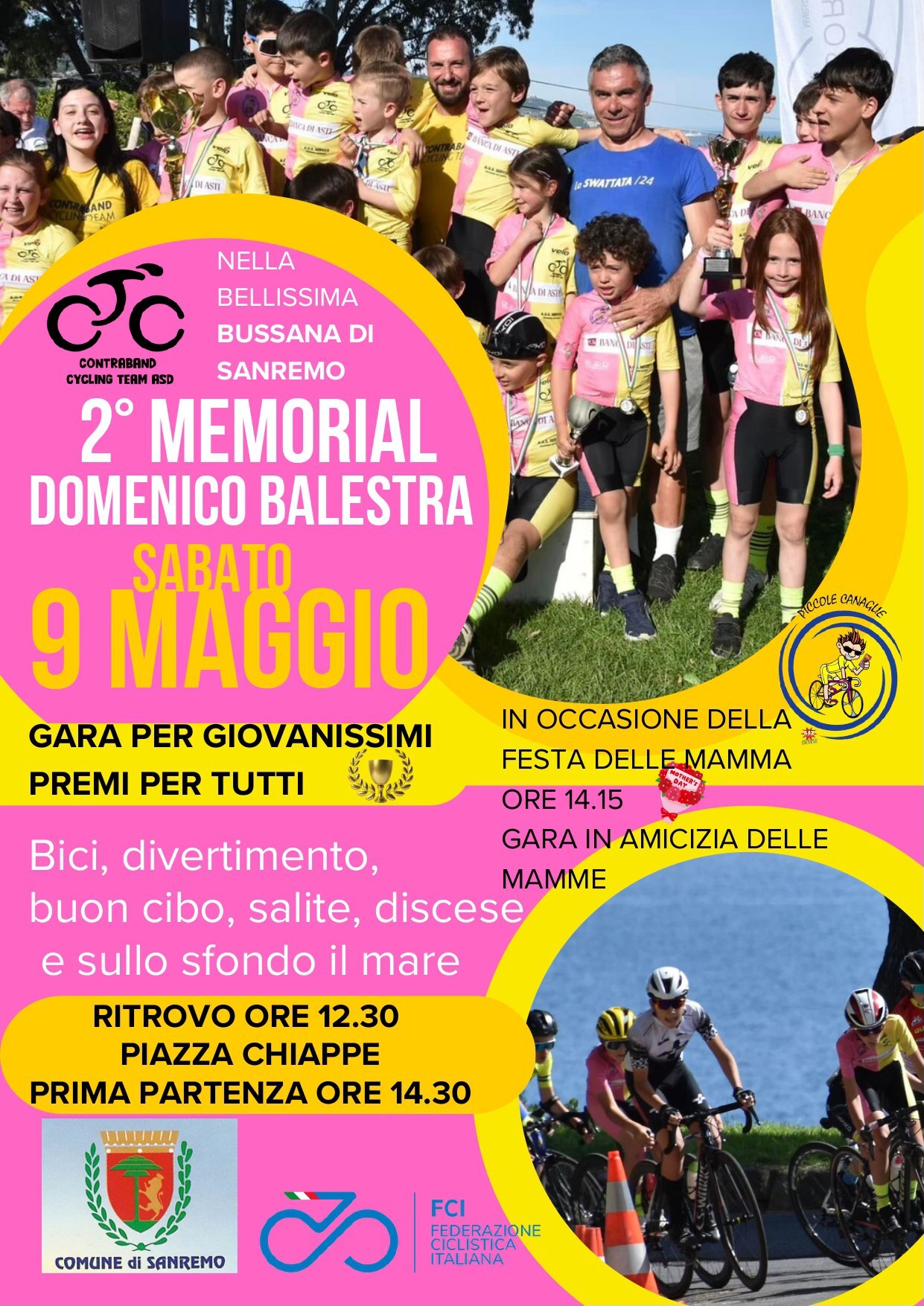 2° Memorial Domenico Balestra, gara su strada dedicata alla categoria Giovanissimi (G1-G6 - PG E MPG), che si svolgerà sabato 9 maggio a Bussana di Sanremo (IM), in Piazza Chiappe.
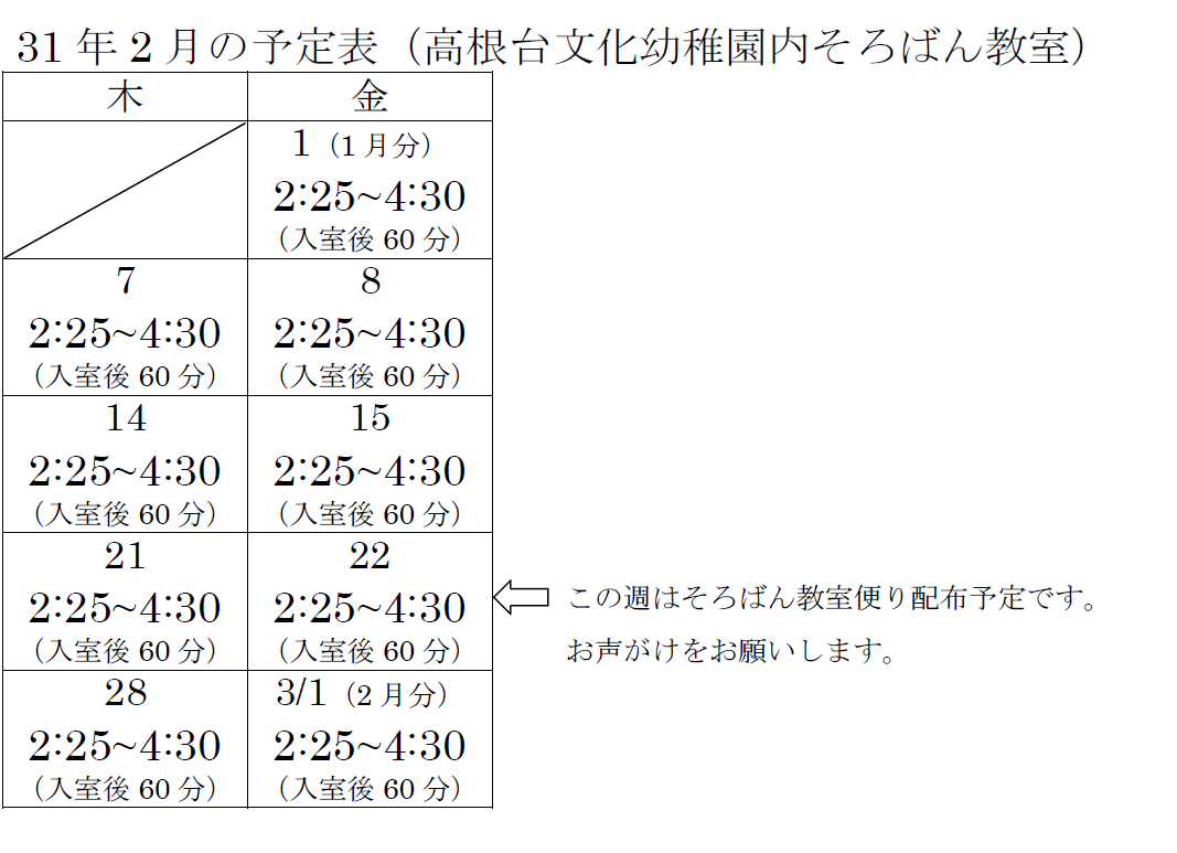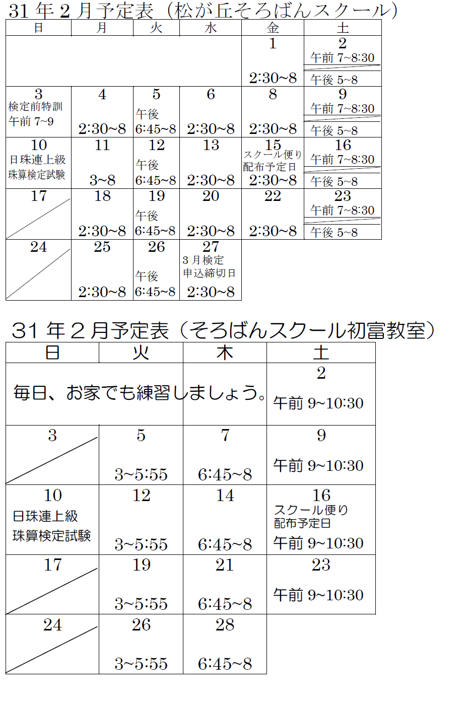 今月の予定表 平成31年2月の予定表 保護者のみなさま、お間違えの無いようにご協力をよろしくお願いいたします。 2025年 2024年 2023年 2022年 2021年 2020年 2019年 2018年 2017年
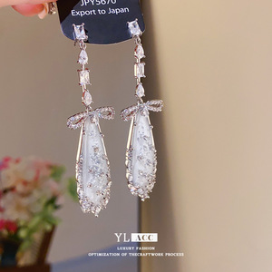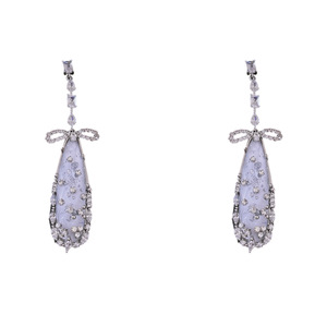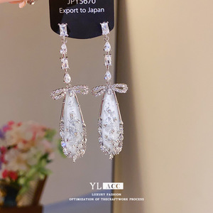 シルバー針ライト高級スタイルジルコンリボンドロップイヤリングヨーロッパとアメリカのファッションエレガントな気質ニッチパーソナライズされたイヤリング女性用
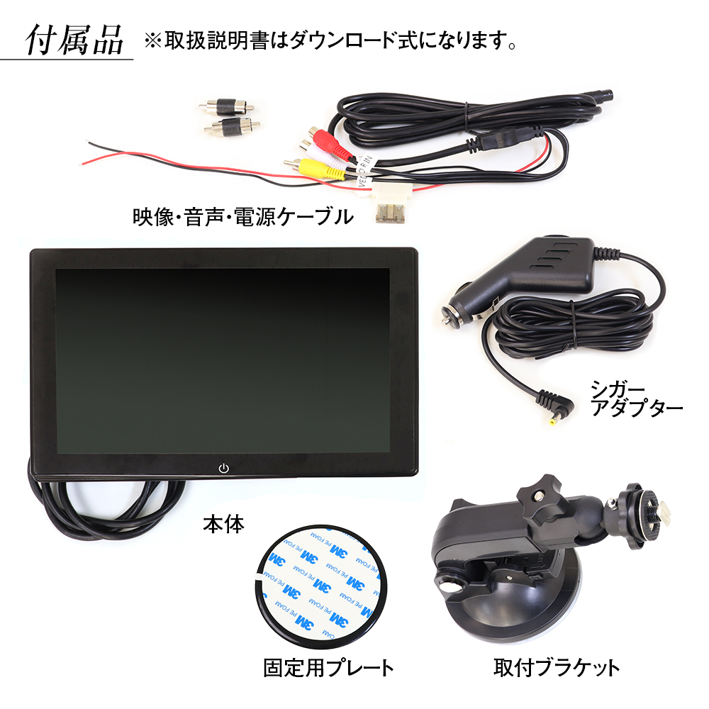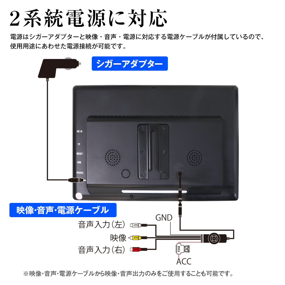電源はシガーアダプターと映像・音声・電源に対応するバッテリー電源ケーブルが付属しているので、使用用途にあわせた電源接続が可能です。
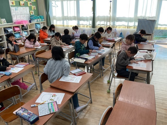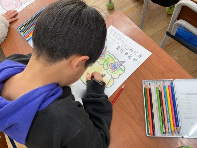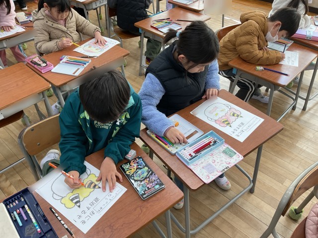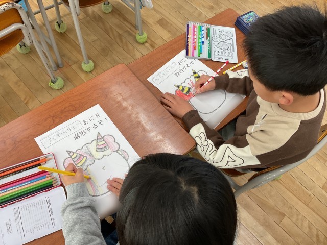明日は2月3日、節分の日です。1年生の教室では、鬼を形どったイラストに、子どもたちが思い思いの鬼の顔をかいたり、色をぬったりしていました。併せて、紙の上には「〇〇おにを退治するぞ!」と書いてあり、みんなで自分の中に潜んでいる鬼に名前をつけて、〇〇をうめて書いていました。

* [Action item] Drop the pictures, then repeat the material word for word.

* [Answer area]
 2° Memorial Domenico Balestra, gara su strada dedicata alla categoria Giovanissimi (G1-G6 - PG E MPG), che si svolgerà sabato 9 maggio a Bussana di Sanremo (IM), in Piazza Chiappe.
 今月の予定表 平成31年2月の予定表 保護者のみなさま、お間違えの無いようにご協力をよろしくお願いいたします。 2025年 2024年 2023年 2022年 2021年 2020年 2019年 2018年 2017年
 シルバー針ライト高級スタイルジルコンリボンドロップイヤリングヨーロッパとアメリカのファッションエレガントな気質ニッチパーソナライズされたイヤリング女性用
電源はシガーアダプターと映像・音声・電源に対応するバッテリー電源ケーブルが付属しているので、使用用途にあわせた電源接続が可能です。
明日は2月3日、節分の日です。1年生の教室では、鬼を形どったイラストに、子どもたちが思い思いの鬼の顔をかいたり、色をぬったりしていました。併せて、紙の上には「〇〇おにを退治するぞ!」と書いてあり、みんなで自分の中に潜んでいる鬼に名前をつけて、〇〇をうめて書いていました。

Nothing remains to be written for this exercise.